The ruling upheld a decision by the Court of Appeal (March 2011) in BNY Corporate Trustee Services v Eurosail UK that the existence of a deficit between assets and liabilities was not in itself sufficient reason to declare a firm insolvent.

Oliver Glynn-Jones, finance dispute resolution partner at BLP LLP, representing Eurosail in the case, warns of the implications that the ruling may have on future insolvency cases.

He explains: “The Supreme Court’s judgment that a court must approach the question of balance sheet insolvency with caution and that the onus is on a petitioning party to demonstrate on the balance of probabilities that there will be insufficient assets to meet liabilities is likely to deter some parties from petitioning on this basis.”

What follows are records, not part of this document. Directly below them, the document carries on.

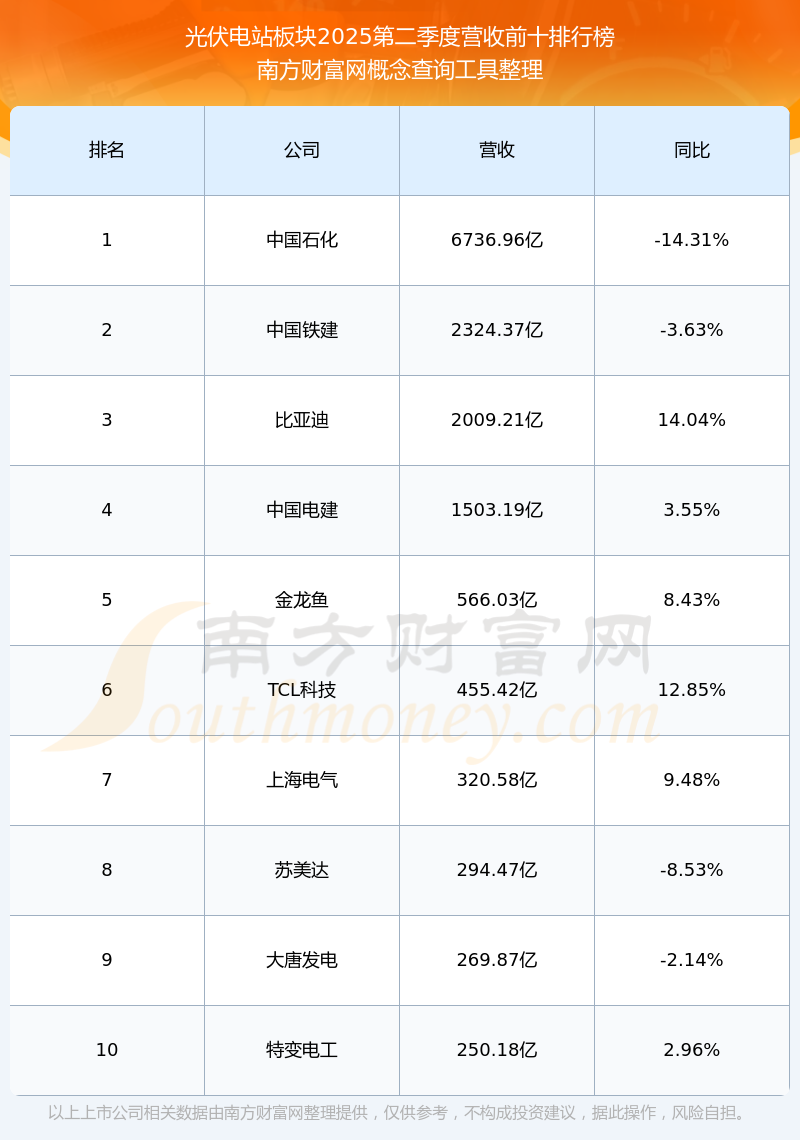 按照南方財(cái)富網(wǎng)概念查詢工具統(tǒng)計(jì),該股所屬板塊為光伏電站板塊,該板塊共有167只股票,清源股份2025第二季度營(yíng)收在該板塊中排名為第95名,該板塊2025第二季度營(yíng)收排名前十的股票如下表:
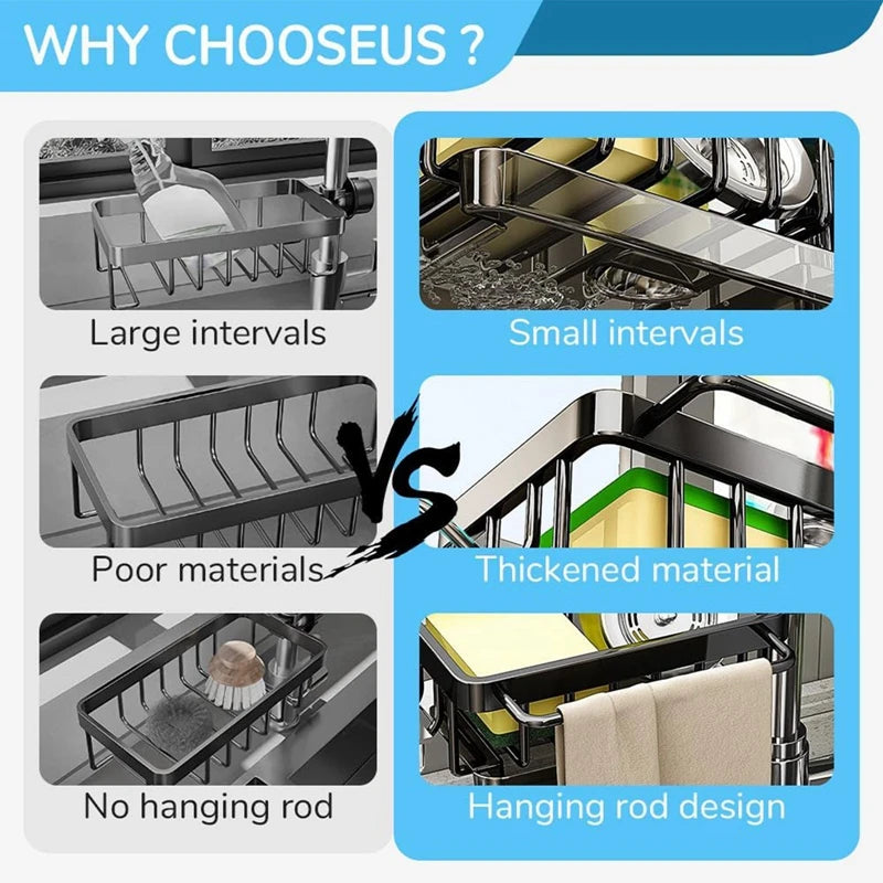 Keep your sink area tidy with this Hanging Faucet Sponge Holder Drain Rack. Featuring a strong load-bearing design and built-in hook, it easily attaches to your faucet to hold sponges, scrubbers, or cleaning tools. Its open-drain design ensures quick drying and hygiene, making it a must-have kitchen sink organizer.
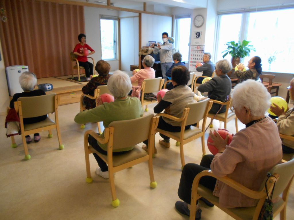 9 遅れて参加のYさん。こんなに両手が上がるとは知らなかったな~。7 6 ボールを使っての体操では、気がつけば太ももの前の方ががピクピクする位疲れてしまいます。2 バストアップにも有効だそうです。励むべし私っ!3 4 体操教室の日は各階の皆さんも参加されてにぎやかです。次はお正月太り対策で私も参加しよ~。5

As a result of the ruling, Eurosail was not deemed unable to pay its debts within the meaning of section 123(2) of the Insolvency Act 1986.

The Supreme Court also rejected the “no point of return” solvency test, adopted by Lord Neuberger in the Court of Appeal judgement – despite this expression having entered common usage.

Glynn-Jones said: “The Supreme Court has demonstrated the mix of factors and issues that must be weighed up when considering the concept of balance sheet insolvency.

“It is not just a question of taking a snapshot at a point in time and relying on that. The ramifications of the case for both securitisation parties and insolvency practitioners are significant.

“It is not enough to show that the balance sheet shows a deficit.”